34 Pages Posted: 31 May 2007

See all articles by Gillian K. Hadfield

Gillian K. Hadfield

University of Toronto; Vector Institute for Artificial Intelligence; OpenAI; Center for Human-Compatible AI

Date Written: May 2007

Abstract

The new comparative economics is largely organized around an effort to explain differences in country economic performance in terms of differences between common law and civil code systems. Assumptions about differences between common law and civil code regimes and the correspondence between legal regimes and judicial behavior are, however, still only weakly based in real institutional features of modern legal systems. In this paper, I examine the institutional determinants of the quality of law developed by a legal regime, drawing on a model from Hadfield (2006) which identifies five key parameters that influence legal evolution: the distribution of judicial rewards for rule-following and rule-adaptation, judicial information-processing, exogenous legal human capital (which determines judicial error), legal costs of presenting evidence and argument, and damages. I set out the institutional features that determine these parameters as dimensions along which real legal systems reside.
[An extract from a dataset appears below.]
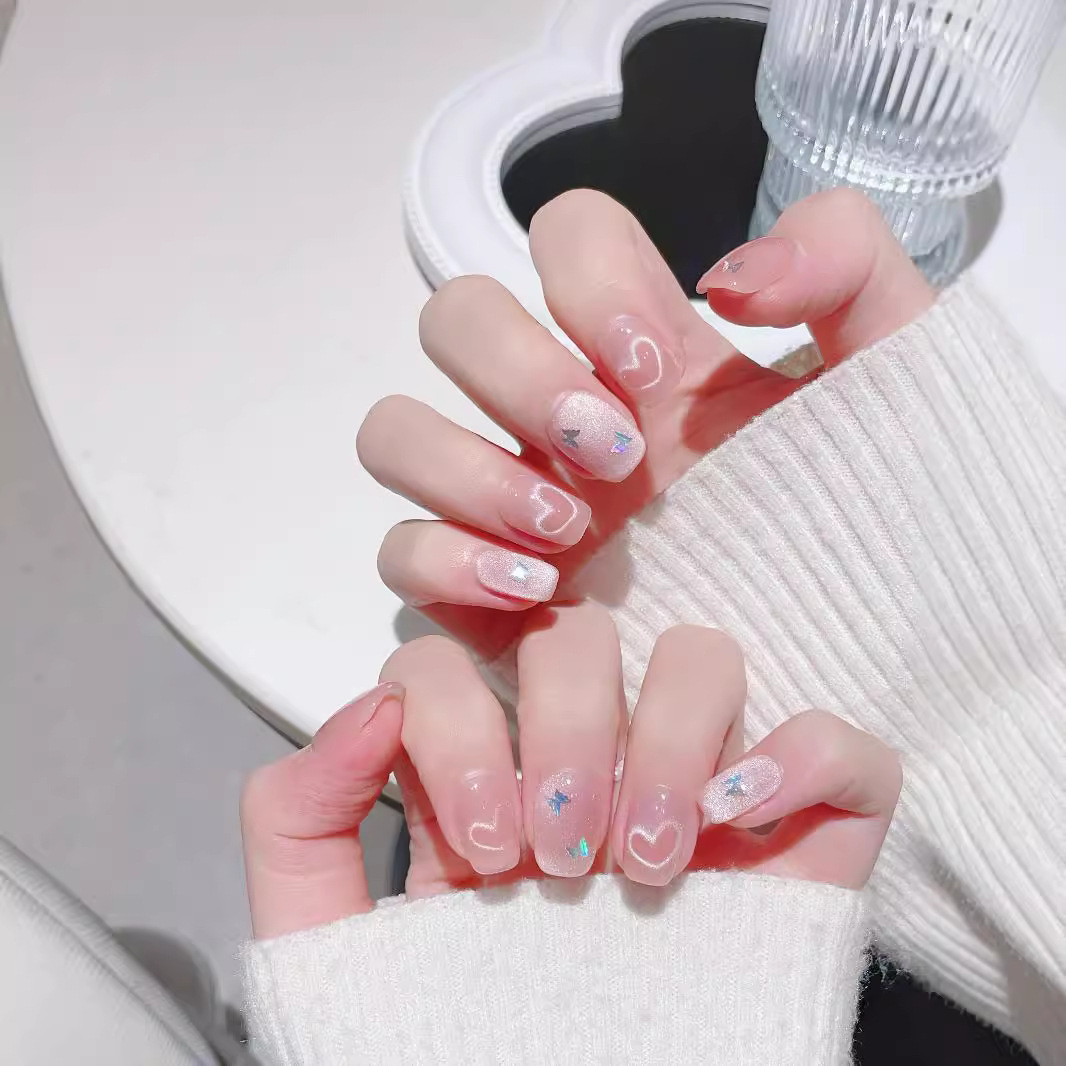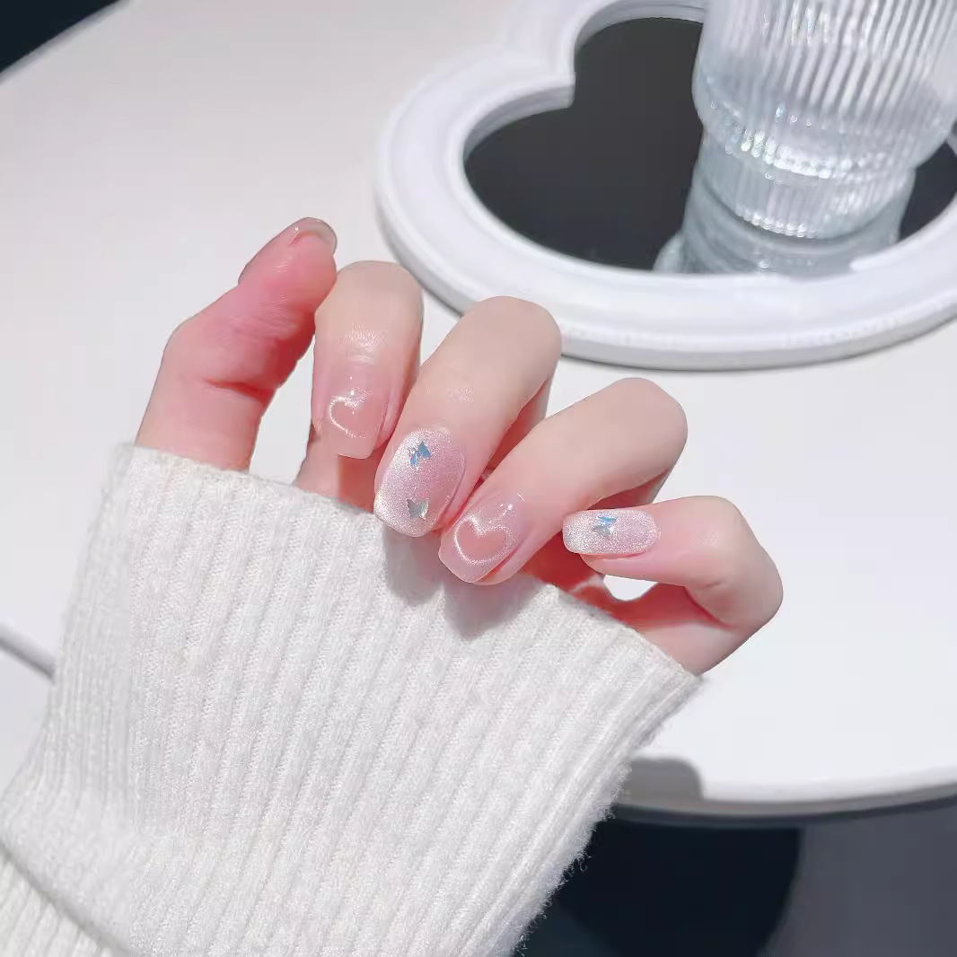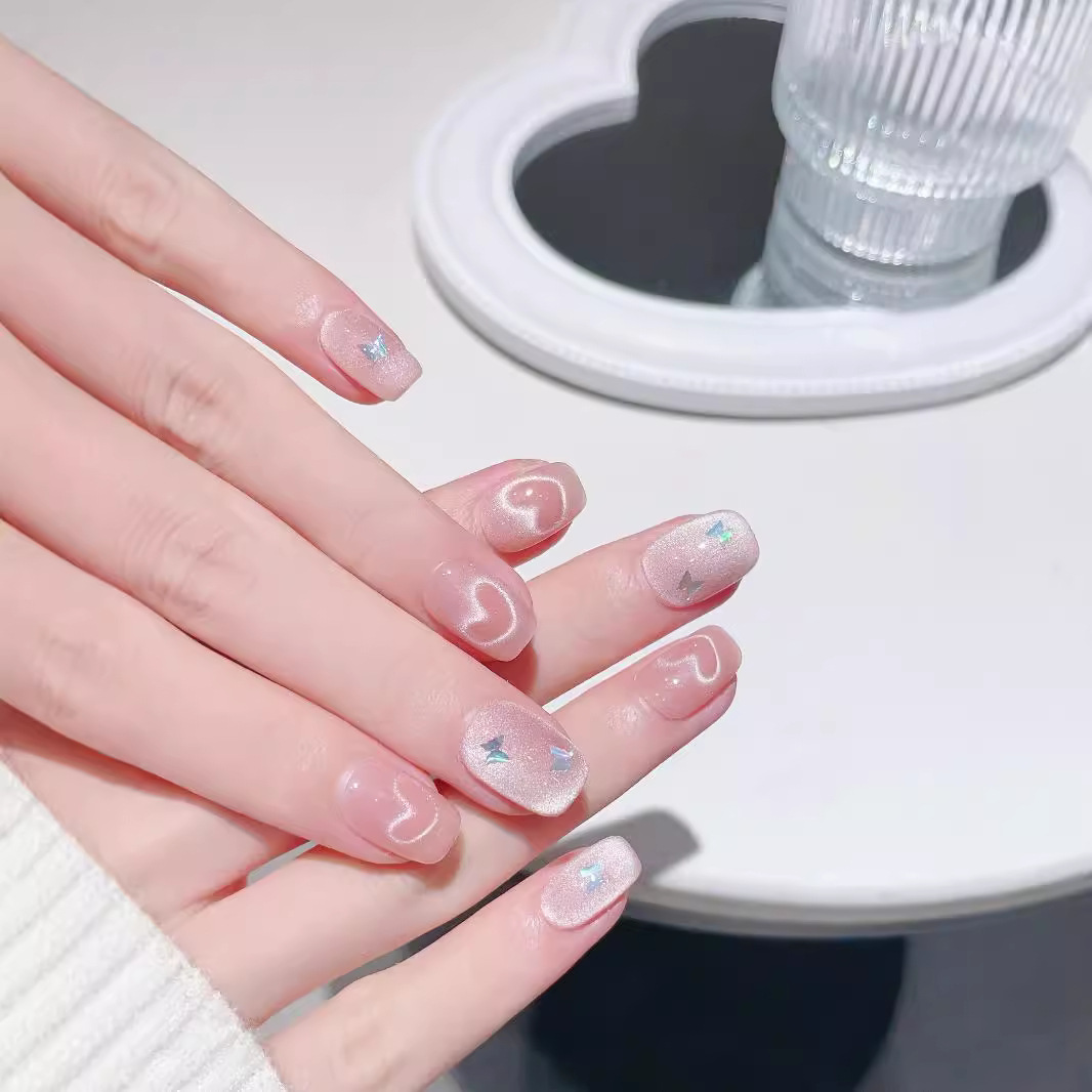 怦然心动纯手工穿戴甲蝴蝶裸色清透猫眼显白光疗美甲贴片

These dimensions include the organization of the courts and the extent to which jurisdiction is general or specific; the organization of the judiciary and the extent to which judicial careers are organized on a bureaucratic career model or what I call a capstone model; the mechanisms of information distribution and the extent to which information is distributed to a broad public audience or a more confined professional audience; the role of judges, whether active or passive, in finding facts and shaping the issues in adjudication; the role of public versus private entities in the enforcement of judgments (damages); and the degree to which the mechanisms by which legal services are produced, priced and distributed are competitive or professionally-controlled. My claim is that these key institutional dimensions, rather than conventional and more abstract distinctions based on the sources of law or judicial independence should be the primary focus of empirical efforts to evaluate and policy efforts to reform legal regimes. They are the levers of legal design.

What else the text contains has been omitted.